*** Begin section ***

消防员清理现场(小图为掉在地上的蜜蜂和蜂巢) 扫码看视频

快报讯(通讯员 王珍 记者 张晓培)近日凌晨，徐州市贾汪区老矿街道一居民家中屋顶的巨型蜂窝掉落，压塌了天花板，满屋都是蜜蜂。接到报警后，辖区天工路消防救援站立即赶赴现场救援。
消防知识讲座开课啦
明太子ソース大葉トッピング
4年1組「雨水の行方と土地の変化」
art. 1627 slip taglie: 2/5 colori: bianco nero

*** End section ***
*** Begin section ***

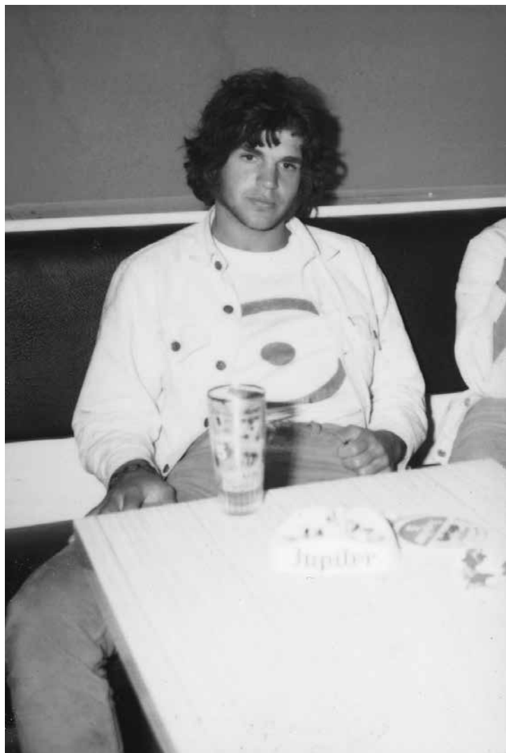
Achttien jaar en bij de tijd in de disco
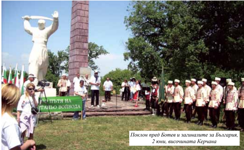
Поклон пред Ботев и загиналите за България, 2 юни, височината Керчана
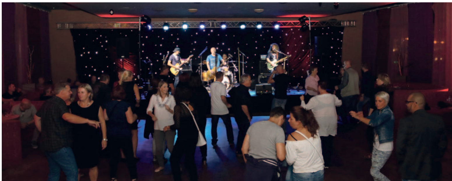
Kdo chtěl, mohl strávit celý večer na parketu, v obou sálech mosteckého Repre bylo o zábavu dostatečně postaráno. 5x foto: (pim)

*** End section ***
*** Begin section ***

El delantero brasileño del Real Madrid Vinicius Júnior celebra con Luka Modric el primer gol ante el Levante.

*** End section ***

DIRECTIONS FOR THIS TASK. Starting at the line that has "消防员清理现场(小图为掉在地上的蜜蜂和蜂巢) 扫码看视频" and ending at the line that has "art. 1627 slip", please write out the lines above exactly, leaving out all others.

RESPONSE BELOW.
消防员清理现场(小图为掉在地上的蜜蜂和蜂巢) 扫码看视频

快报讯(通讯员 王珍 记者 张晓培)近日凌晨，徐州市贾汪区老矿街道一居民家中屋顶的巨型蜂窝掉落，压塌了天花板，满屋都是蜜蜂。接到报警后，辖区天工路消防救援站立即赶赴现场救援。
消防知识讲座开课啦
明太子ソース大葉トッピング
4年1組「雨水の行方と土地の変化」
art. 1627 slip taglie: 2/5 colori: bianco nero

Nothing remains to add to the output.